Beaucoup diront que le principal est que maman et bébé vont bien, et je suis complètement d’accord avec cela. Toutefois, cet accouchement, que je n’arrive pas encore à mettre à l’écrit entièrement à cause de nombreux regrets, a créé en moi certaines blessures, que j’ai comprises et commencées à guérir… lors de ma deuxième grossesse, dont je te parlerai très prochainement. Il est important d’accepter nos émotions, nos regrets. Oui, mon fils va bien et mon accouchement ne s’est pas terminé en code rouge, mais malgré tout, je ne l’ai pas si bien vécu.

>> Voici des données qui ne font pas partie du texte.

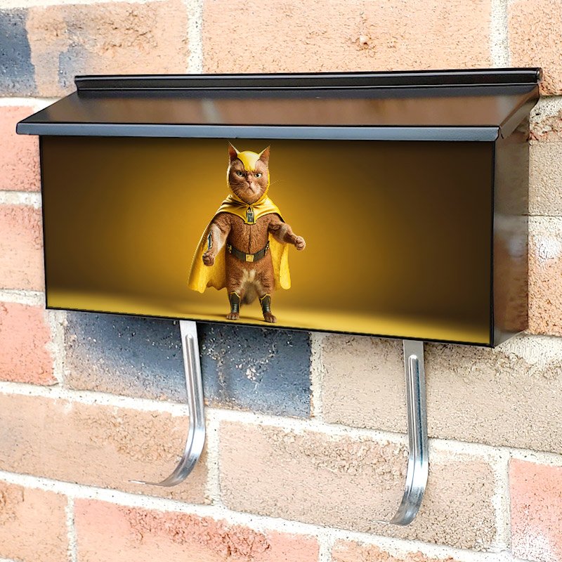 Applying your Superpet Cat As Superhero With Cape On Yellow Background townhouse / ranch mailbox cover it’s pretty easy to convert your mailbox to a special and unique item. These covers require a flat surface, so they work with townhouse / ranch mailboxes that do not have any embossed decoration or signs. Magnetic mailbox covers work with steel boxes, for aluminum and plastic boxes we offer the self-adhesive vinyl covers. In case your mailbox doesn’t work with these covers, you can purchase the preinstalled cover on a brand new mailbox as well. Also, you can create your custom townhouse / ranch mailbox cover using you own pictures, adding your name, street number, etc.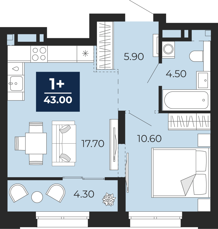 43 м2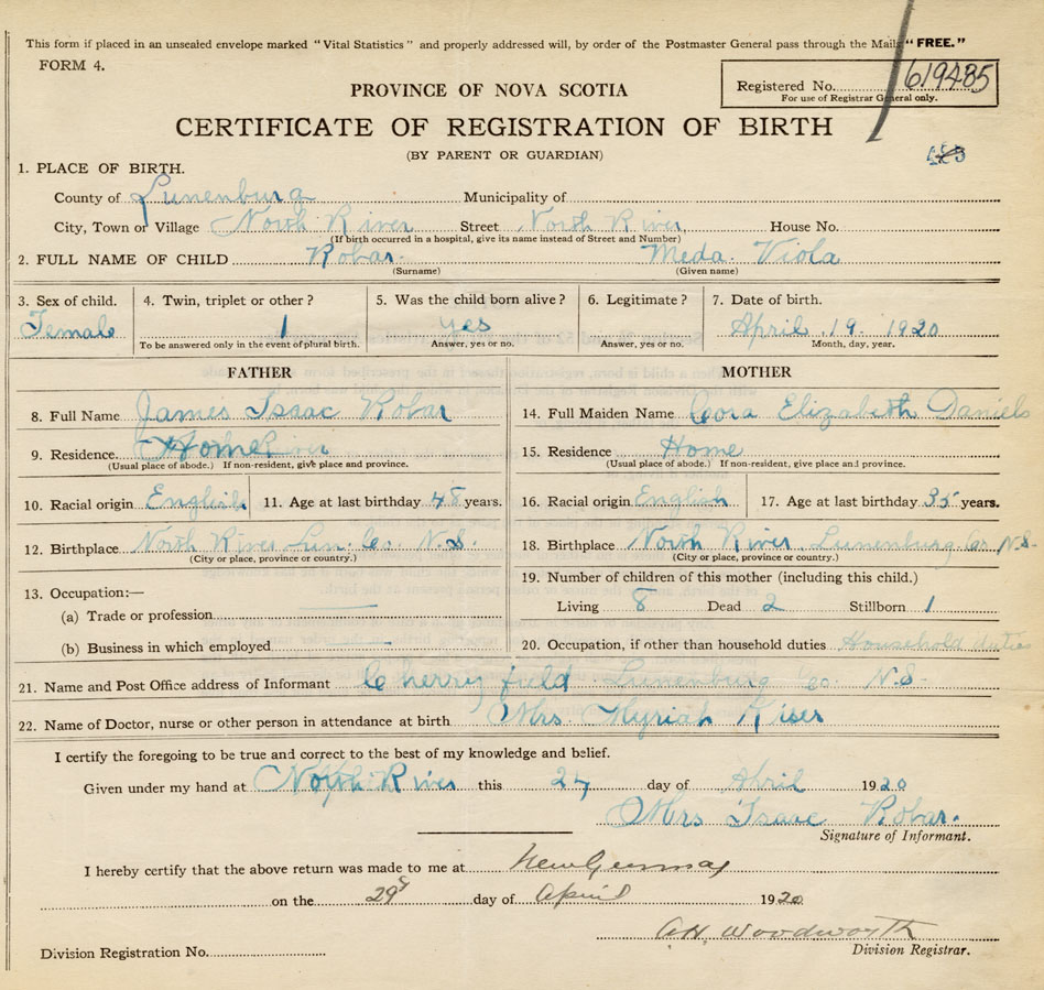 21. Name and Post Office address of Informant Mrs Isaac Robar North River, Lunenburg Co.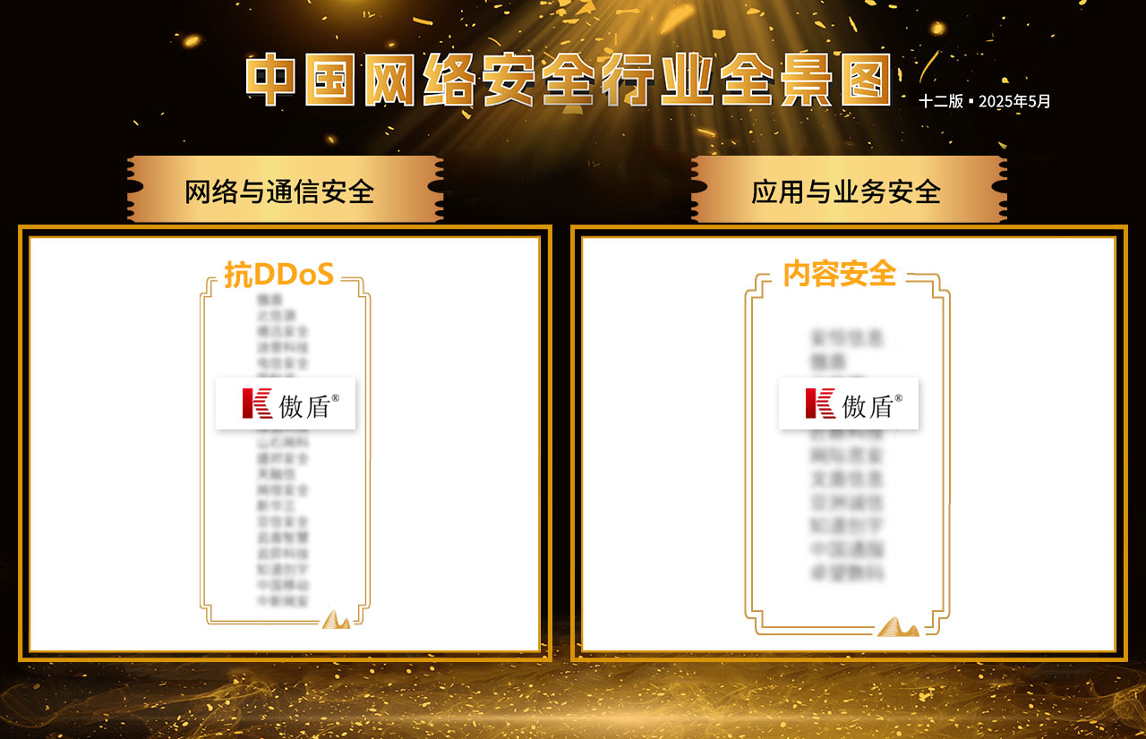 2025年5月9日,安全牛第十二版《中国网络安全行业全景图》正式发布,傲盾实力入选抗DDOS、内容安全二项细分领域。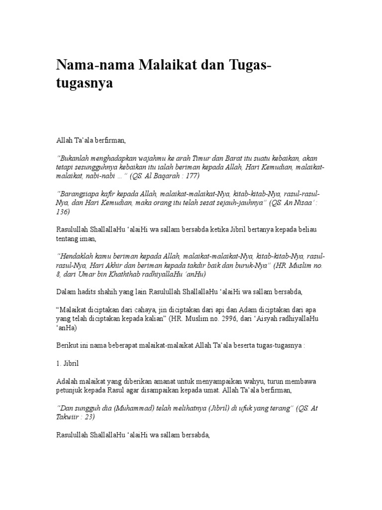 Nama Nama Malaikat Dan Tugas Tugasnya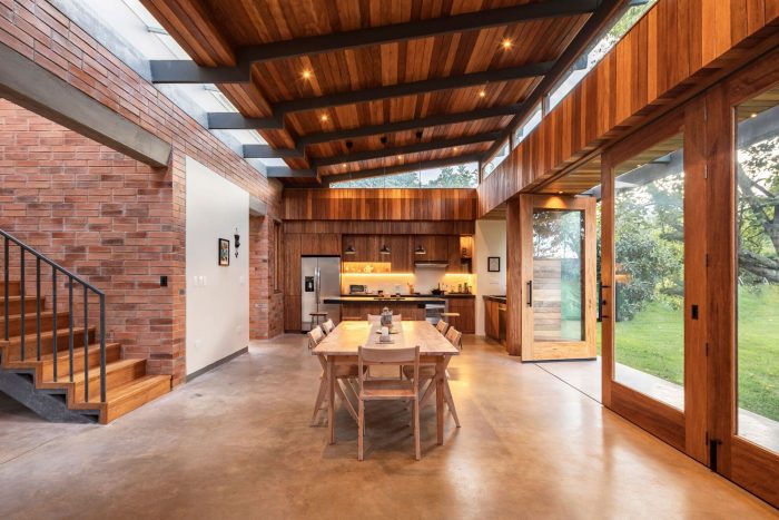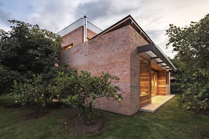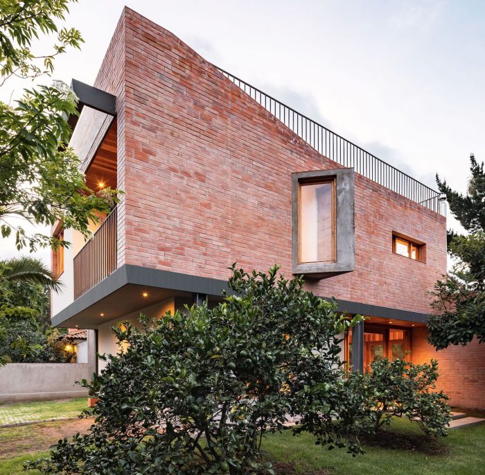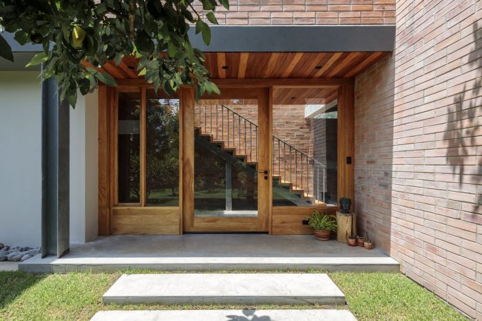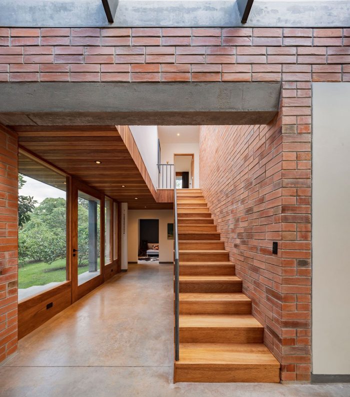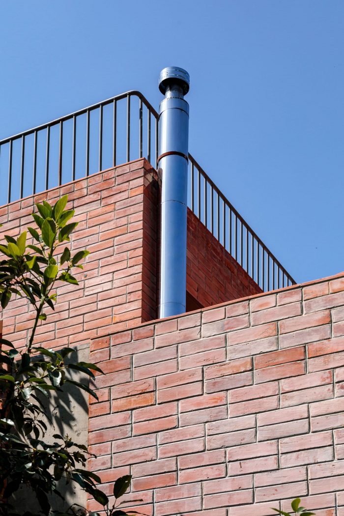 The character of the house is manifested in the predominance of expressive materials such as exposed brick, steel, wood, and their careful arrangement. The dimensions of the 27x13x7cm brick characterize the modulation of the exterior and interior facades, using a block bond assembly, a combination of the stretcher and stack bond. Two courses are laid in stack bond and the next two courses are laid while staggering by half a brick, giving a special texture to the large ceramic planes. The facade is built of a double wall, and behind the brick is hidden a ventilated air chamber that prevents the negative effects of humidity, improves the internal thermal comfort of the house, adds warmth, and reduces heat loss.

Et toi, as-tu eu l’accouchement que tu imaginais ? As-tu des regrets ou des choses que tu n’as pas très bien vécu ?
Je pense qu’en certaines matières ce qui compte est le ressenti et qu’il est inutile de rentrer dans des comparaisons. La parentalité en général en est une. Donc je trouve triste que tu ne te sentes pas légitime à dire « j’ai mal vécu mon accouchement » parce qu’il n’y a pas eu danger ou code rouge. Si tu l’as mal vécu, ba tu l’as mal vécu, ce sont tes émotions, c’est toi qui étais dedans, donc c’est ta réalité quoi qu’il arrive.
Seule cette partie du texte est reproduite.